Anthony A. Williams wants to be like his fellow big-city mayors in Chicago, Boston and Cleveland and take charge of appointing school board members and a school superintendent. He argues that since the mayor and D.C. Council control the District schools' budget, the board should reflect the mayor's priorities. That would put an end to finger pointing between city officials and the hapless elected school board that has failed to turn around abysmal academic performance--or so the theory goes. Williams has embraced the current magic word of school reform: accountability.

Not so fast, opponents say.

They counter that elected boards are more democratic and that the District, controlled by the federal government for more than a century and a half, has so few elected officials, why do away with a three-decade-old elected body? To which the mayor has responded that "it's elitist to talk about broad principles of democracy [while] the children aren't being educated. Every child deserves an equal education. That's democracy. And right now, it ain't happening."

Both sides are misguided.

When I was a teacher at Cardozo and Roosevelt high schools, and an administrator in the D.C. public schools in the 1960s and 1970s, I worked under an appointed board and later under an elected board, which was the only democratic body in a city governed by Congress. In Arlington County, where I was superintendent for seven years until 1981, I served under an appointed school board. Based on almost two decades of experience in public school systems, and my knowledge of school boards over the past century, I have concluded that, when it comes to academic achievement or improved teaching and learning, it makes no difference whether a school board is appointed or elected.

As a high school history teacher, what I did in my classroom was largely between me and my students once I closed the door. I would decide which parts of the curriculum I would teach and how I would teach them, without the involvement of the appointed or elected school board, the superintendent, the assistant superintendent in charge of curriculum, the principal or my department head. No one in authority ever came to my classroom, with the exception of the principal, who sat in once a year for 20 minutes to evaluate me. The people I looked to for guidance were other teachers wrestling with the same classroom issues.

When I prepared to leave teaching in the District in 1972, an elected school board had been in place for five years. I had seen reform after reform tumble forth from that board with little coherence and with few resources. None of those reforms altered what I did in the classroom.
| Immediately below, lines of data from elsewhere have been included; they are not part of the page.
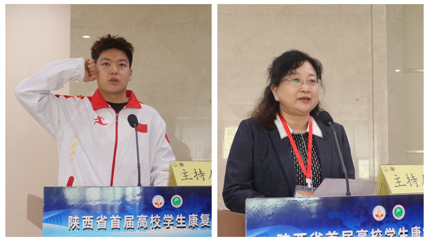 在运动与健康科学学院学生郝泽旭以及陕西省康复医院李红霞主任分别代表参赛学生和大赛评委进行宣誓后,李富生宣布比赛正式开始。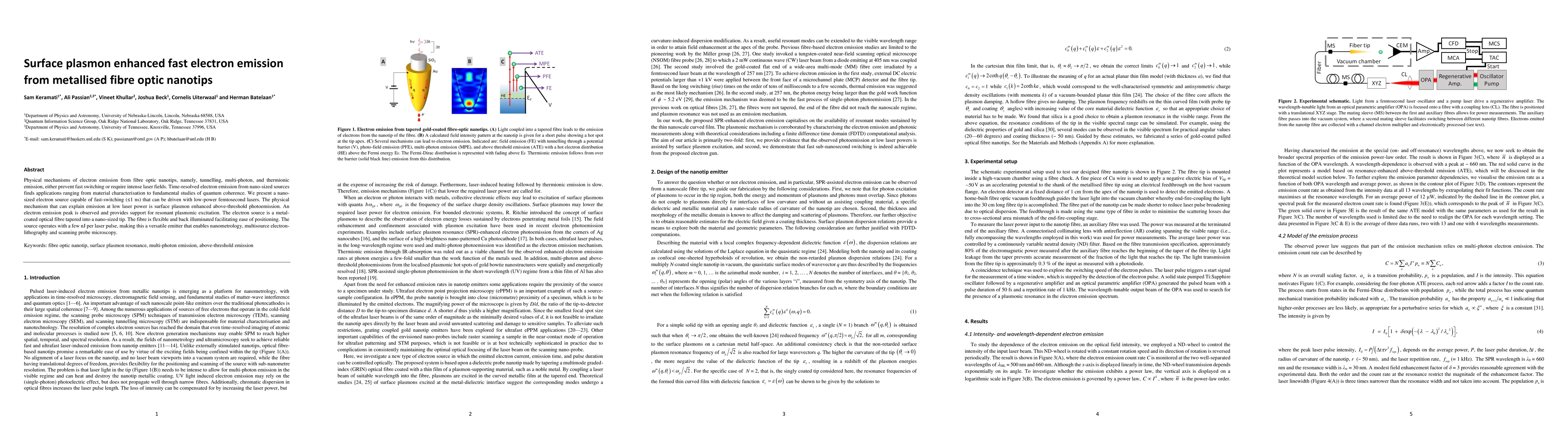 Physical mechanisms of electron emission from fibre optic nanotips, namely, tunnelling, multi-photon, and thermionic emission, either prevent fast switching or require intense laser fields. Time-resolved electron emission from nano-sized sources finds applications ranging from material characterisation to fundamental studies of quantum coherence. We present a nano-sized electron source capable of fast-switching (<1 ns) that can be driven with low-power femtosecond lasers. The physical mechanism that can explain emission at low laser power is surface plasmon enhanced above-threshold photoemission. An electron emission peak is observed and provides support for resonant plasmonic excitation. The electron source is a metal-coated optical fibre tapered into a nano-sized tip. The fibre is flexible and back illuminated facilitating ease of positioning. The source operates with a few nJ per laser pulse, making this a versatile emitter that enables nanometrology, multisource electron-lithography and scanning probe microscopy. Keywords: fibre optic nanotip, surface plasmon resonance, multi-photon emission, above-threshold emission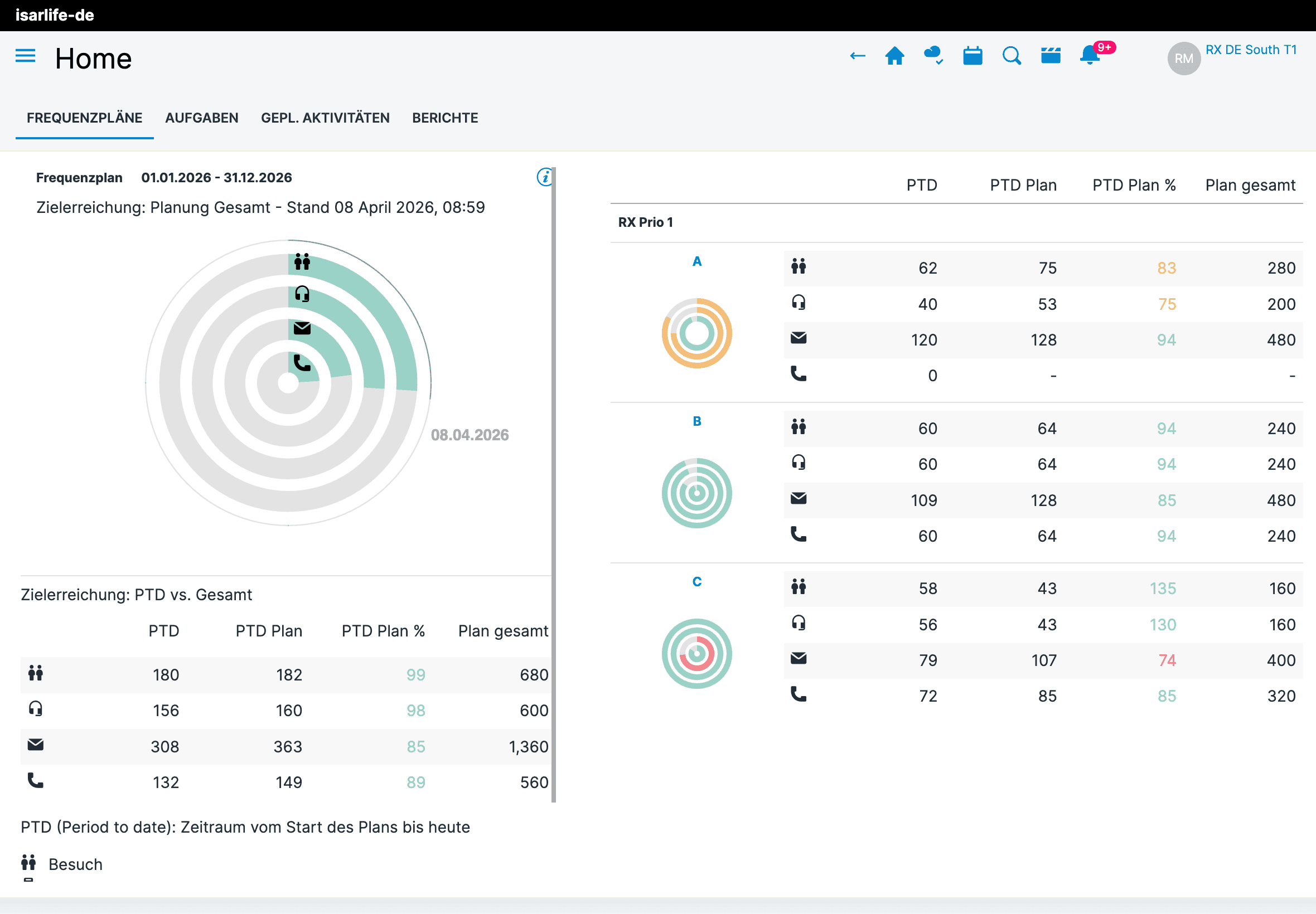 Das Modul bietet eine umfassende Auswertung und Übersicht über alle Zielkunden, einschließlich Soll-/Ist-Vergleichen und detaillierter Diagramme. Mit einer aggregierten Manager-Ansicht und Übersichtsdiagrammen auf der Startseite bleibt die Frequenzplanung jederzeit transparent und leicht steuerbar.
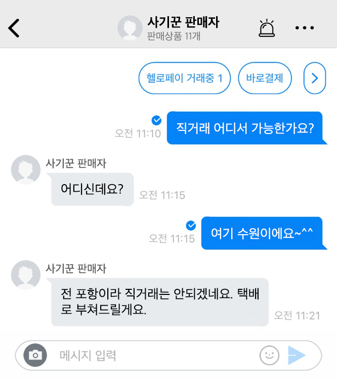 직거래 가능하냐고 물어보면 사기꾼들은 자기 지역을 먼저 공개하지 않고 구매자의 지역부터 물어봄. 구매자의 지역과 겹쳐 직거래가 가능한 상황을 만들어내지 않기 위한 전략.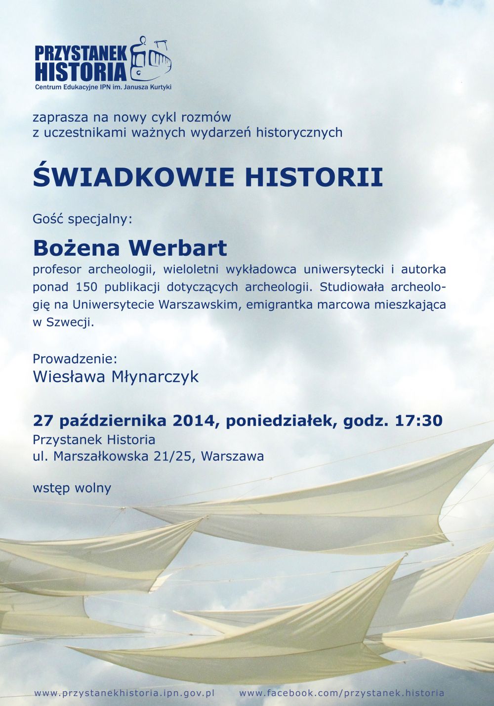W poniedziałek 27 października, o godz. 17:30, Przystanek Historia – Centrum Edukacyjne IPN im. Janusza Kurtyki przy ul. Marszałkowskiej 21/25 w Warszawie zaprasza na spotkanie ze świadkiem historii – Bożeną Werbart, emigrantką marcową. Bożena Werbart jest profesorem archeologii, wieloletnim wykładowcą uniwersyteckim i autorką ponad 150 publikacji. Studiowała archeologię na Uniwersytecie Warszawskim. Relegowana ze studiów za udział w „Marcu 68", oficjalnie została przyjęta z powrotem w 1970 r. W 1971 r. uzyskała dyplom magisterski i wkrótce potem wyjechała do Szwecji.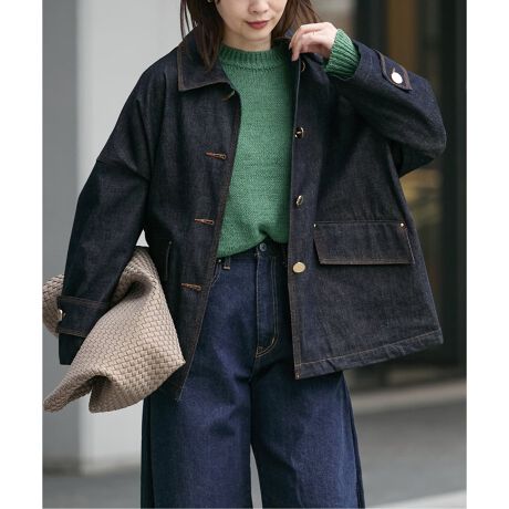 女性らしいAラインフォルムでシーンやスタイルを選ばないデザインの、カジュアルな雰囲気とエレガンスを兼ね備えたデニムジャケットコートが登場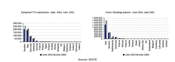 Počet uživatelů FTTx v Evropě se pohybuje kolem 650 tisíc (meziroční nárůst o 18 %), přičemž optika již dosahuje k 2,5 miliónům domácností (přírůstek 26 %). Ovšem 97 % všech uživatelů FTTx se nalézá pouze v pěti zemích: Švédsko, Itálie, Dánsko, Holandsko a Norsko. V ostatních zemích se teprve probouzejí k činnosti, takže alespoň bodují v procentuálním nárůstu počtu přípojek: např. Francie zaznamenala přírůstek 147 % v dostupnosti FTTx mezi domácnostmi (France Telecom zkouší PON, přestože populárnější je ethernet). Nově připojené země, včetně naší, nečiní ve statistice žádnou změnu k lepšímu výsledku.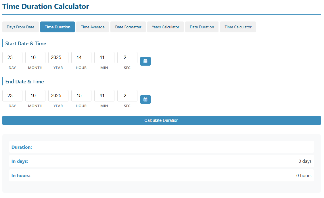 - Calculate Duration Button - Clicking it . The tool calculates the time difference between the input start and end times.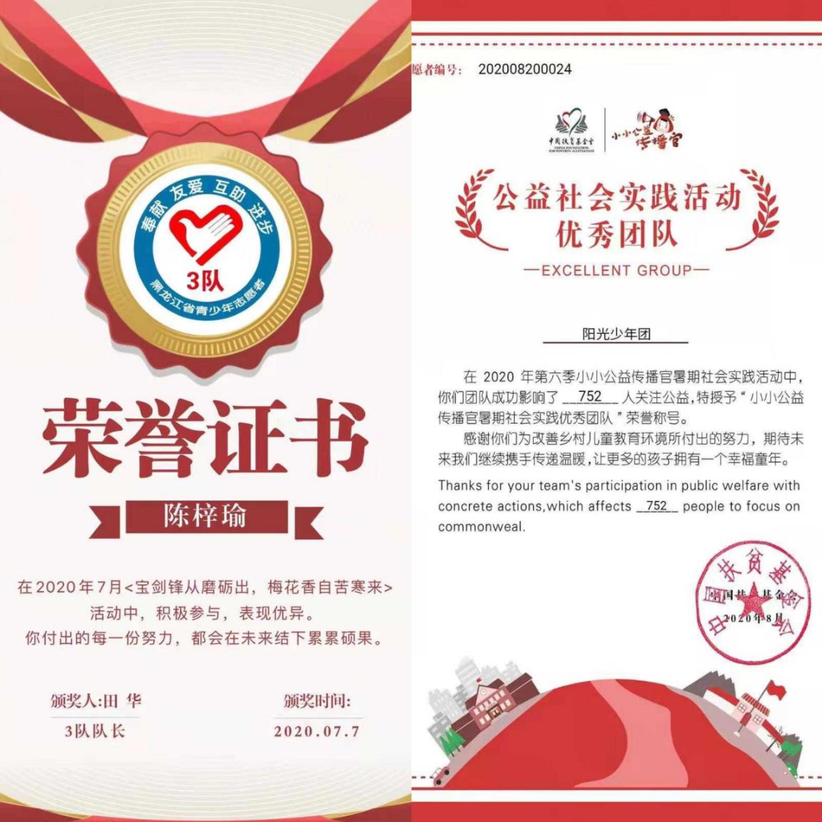 她在志愿服務(wù)中不怕苦不怕累,圓滿完成各項(xiàng)任務(wù),獲得各界一致好評(píng),先后獲得省市(區(qū))的相關(guān)表彰,并被省幫扶中心授予“愛(ài)心少年”榮譽(yù)稱號(hào)。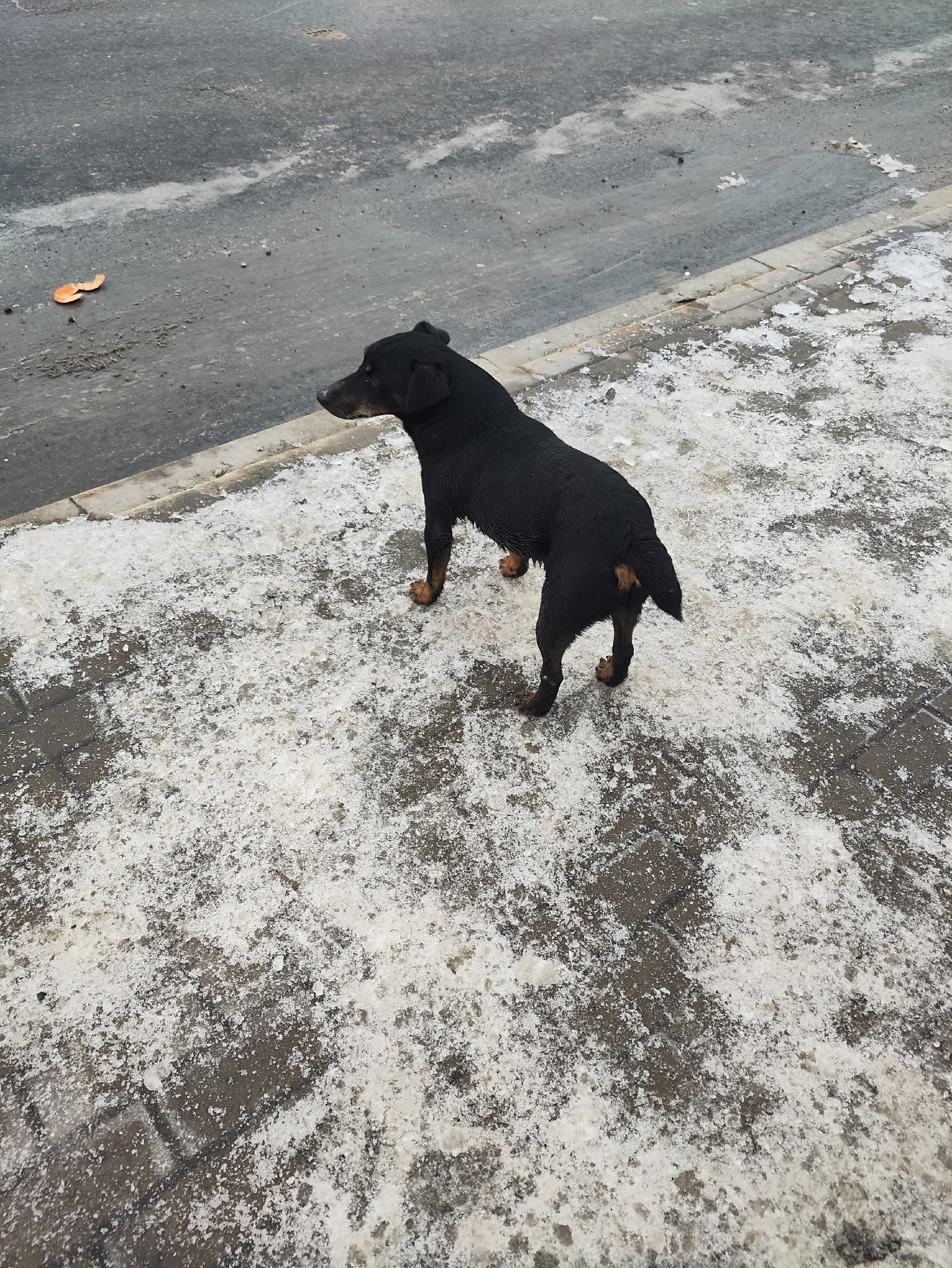 ПРИМЕТЫ: черный гладкошерстный, шерсть короткая, сам среднего размера, хвост купирован, поджимает заднюю лапу(в основном правую) когда передвигается.

As superintendent in Arlington County working under an appointed school board, I heard both positive and negative stories from colleagues in neighboring districts and elsewhere in the country--regardless of how their boards were formed. I learned that my experience in Arlington was exceptional: The county's board members were keenly sensitive to constituents' demands. One in particular, I recall, responding to a parent's complaint, went down to a bus stop at 7:30 a.m. every day for a week to make sure the students were picked up on time.

It was also a school board united behind a clear agenda for improving academic achievement in a district getting smaller and more diverse at the same time. Conflicts arose continually over closing down schools and removing poorly performing principals or teachers. For the years that I served as superintendent, the board consistently mobilized the necessary resources, kept the public fully informed about the agenda, and provided rich opportunities for teachers and principals to gain more skills as it pressed staff to stick to that agenda. And academic achievement in the elementary schools soared, although improvements in secondary schools were limited.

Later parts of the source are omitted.